In accordance with an embodiment of the present invention, preparing the magnetic powders may include: preparing an iron-based alloy particle; and preparing a ferrite particle, and manufacturing the magnetic powder may be performed such that weight ratio is increased in a sequence of the iron-based alloy particle, the metal magnetic body particle, and the ferrite particle.

In accordance with an embodiment of the present invention, preparing the magnetic powders may include: preparing an iron-based alloy particle; and preparing a ferrite particle.

In accordance with an embodiment of the present invention, preparing the magnetic powders may include: preparing an iron-based alloy particle; and preparing a ferrite particle, and preparing the metal magnetic body particle may include preparing a pure iron particle having a purity of 99% or more.

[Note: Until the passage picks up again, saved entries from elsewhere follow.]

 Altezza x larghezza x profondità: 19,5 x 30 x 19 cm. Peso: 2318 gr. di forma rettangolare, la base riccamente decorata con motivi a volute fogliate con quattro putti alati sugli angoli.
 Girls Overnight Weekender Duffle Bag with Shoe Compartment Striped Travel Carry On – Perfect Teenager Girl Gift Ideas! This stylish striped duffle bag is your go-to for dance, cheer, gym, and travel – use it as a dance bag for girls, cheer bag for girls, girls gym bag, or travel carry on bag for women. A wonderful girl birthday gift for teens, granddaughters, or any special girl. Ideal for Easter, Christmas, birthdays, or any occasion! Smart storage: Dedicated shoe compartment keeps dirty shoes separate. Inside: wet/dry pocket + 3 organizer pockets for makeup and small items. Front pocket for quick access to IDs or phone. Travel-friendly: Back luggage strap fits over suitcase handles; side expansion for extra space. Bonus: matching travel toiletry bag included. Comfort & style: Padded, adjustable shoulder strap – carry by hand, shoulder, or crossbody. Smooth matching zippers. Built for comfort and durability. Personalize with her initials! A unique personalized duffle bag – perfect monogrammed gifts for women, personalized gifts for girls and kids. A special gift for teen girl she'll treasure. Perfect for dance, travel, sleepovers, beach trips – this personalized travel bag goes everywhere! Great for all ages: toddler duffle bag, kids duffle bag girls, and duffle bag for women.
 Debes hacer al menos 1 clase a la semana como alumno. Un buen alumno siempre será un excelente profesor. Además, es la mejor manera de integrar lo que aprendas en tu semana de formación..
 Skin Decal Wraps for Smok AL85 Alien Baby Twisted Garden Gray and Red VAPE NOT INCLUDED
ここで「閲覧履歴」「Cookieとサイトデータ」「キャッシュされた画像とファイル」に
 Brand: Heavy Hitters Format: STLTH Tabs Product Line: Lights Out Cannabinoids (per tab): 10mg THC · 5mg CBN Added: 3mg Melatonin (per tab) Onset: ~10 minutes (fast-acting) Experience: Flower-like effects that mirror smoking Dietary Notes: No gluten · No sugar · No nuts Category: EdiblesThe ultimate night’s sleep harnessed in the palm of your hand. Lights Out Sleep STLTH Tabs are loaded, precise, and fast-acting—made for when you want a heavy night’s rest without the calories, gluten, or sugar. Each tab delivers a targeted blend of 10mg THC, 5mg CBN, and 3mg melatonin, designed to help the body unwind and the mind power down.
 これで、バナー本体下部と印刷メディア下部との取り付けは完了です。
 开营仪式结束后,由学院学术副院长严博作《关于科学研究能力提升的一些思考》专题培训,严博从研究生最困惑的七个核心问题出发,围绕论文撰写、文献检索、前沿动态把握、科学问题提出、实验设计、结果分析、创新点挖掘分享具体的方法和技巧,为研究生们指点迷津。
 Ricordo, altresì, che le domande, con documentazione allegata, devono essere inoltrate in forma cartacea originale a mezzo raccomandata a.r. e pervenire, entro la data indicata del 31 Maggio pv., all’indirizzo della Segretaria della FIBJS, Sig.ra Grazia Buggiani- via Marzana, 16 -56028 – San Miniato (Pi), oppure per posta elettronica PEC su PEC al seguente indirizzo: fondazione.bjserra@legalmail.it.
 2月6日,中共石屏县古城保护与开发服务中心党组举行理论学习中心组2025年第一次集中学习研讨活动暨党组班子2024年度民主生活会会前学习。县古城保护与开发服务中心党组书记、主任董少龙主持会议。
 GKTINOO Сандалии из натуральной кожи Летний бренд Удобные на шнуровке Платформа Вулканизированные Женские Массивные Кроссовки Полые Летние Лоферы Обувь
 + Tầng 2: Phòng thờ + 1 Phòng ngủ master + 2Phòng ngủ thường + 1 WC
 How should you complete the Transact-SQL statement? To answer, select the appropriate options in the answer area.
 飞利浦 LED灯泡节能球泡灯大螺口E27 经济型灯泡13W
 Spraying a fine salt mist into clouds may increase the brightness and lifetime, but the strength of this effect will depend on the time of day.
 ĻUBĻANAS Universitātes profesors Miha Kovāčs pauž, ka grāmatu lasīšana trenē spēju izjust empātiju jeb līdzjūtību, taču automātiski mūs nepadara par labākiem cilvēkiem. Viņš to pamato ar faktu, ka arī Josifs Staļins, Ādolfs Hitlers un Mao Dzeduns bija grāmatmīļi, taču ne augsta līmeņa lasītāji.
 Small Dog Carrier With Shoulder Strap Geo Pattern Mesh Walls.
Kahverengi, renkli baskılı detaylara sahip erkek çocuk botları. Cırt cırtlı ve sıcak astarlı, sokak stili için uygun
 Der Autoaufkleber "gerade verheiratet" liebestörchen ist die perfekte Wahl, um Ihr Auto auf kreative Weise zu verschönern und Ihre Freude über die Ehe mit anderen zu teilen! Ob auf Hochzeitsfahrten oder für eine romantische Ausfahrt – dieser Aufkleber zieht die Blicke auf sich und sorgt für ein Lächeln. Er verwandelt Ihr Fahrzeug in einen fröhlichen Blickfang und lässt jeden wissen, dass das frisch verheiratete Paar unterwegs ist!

In accordance with an embodiment of the present invention, preparing the magnetic powders may include preparing an iron-based alloy particle having a particle size of 15 to 20 μm, and preparing the metal magnetic particle may include preparing a pure iron particle having a particle size of 1 to 5 μm.

In accordance with an embodiment of the present invention, the method may further include mixing the magnetic powder mixture with a binder.

In accordance with an embodiment of the present invention, the chip part may be a power inductor used at a frequency band of 1 MHz or more, and may have an Isat value of 3.0 or more.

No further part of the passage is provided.